Work instructions:
Of the material below, the lines to be retyped are those from the line containing "Jepang. Saat itu, PCR" through the line containing "On September 24, 2010, Clinton", inclusive; reproduce them exactly.

Recorded information:
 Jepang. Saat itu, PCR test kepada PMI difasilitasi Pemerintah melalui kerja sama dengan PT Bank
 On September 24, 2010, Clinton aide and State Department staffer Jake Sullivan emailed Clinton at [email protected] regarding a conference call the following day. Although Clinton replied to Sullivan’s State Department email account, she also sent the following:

--

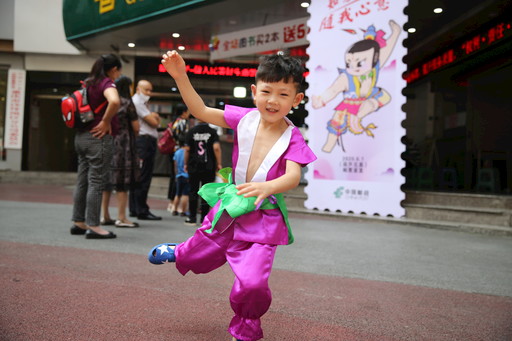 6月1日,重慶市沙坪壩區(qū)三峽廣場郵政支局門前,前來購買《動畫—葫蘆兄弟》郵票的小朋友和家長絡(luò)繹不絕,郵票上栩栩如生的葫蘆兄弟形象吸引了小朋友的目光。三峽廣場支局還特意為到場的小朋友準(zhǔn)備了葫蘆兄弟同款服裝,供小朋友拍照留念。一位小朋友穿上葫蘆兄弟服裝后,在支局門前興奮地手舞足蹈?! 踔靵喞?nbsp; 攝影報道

Response to this task:
 Jepang. Saat itu, PCR test kepada PMI difasilitasi Pemerintah melalui kerja sama dengan PT Bank
 On September 24, 2010, Clinton aide and State Department staffer Jake Sullivan emailed Clinton at [email protected] regarding a conference call the following day. Although Clinton replied to Sullivan’s State Department email account, she also sent the following:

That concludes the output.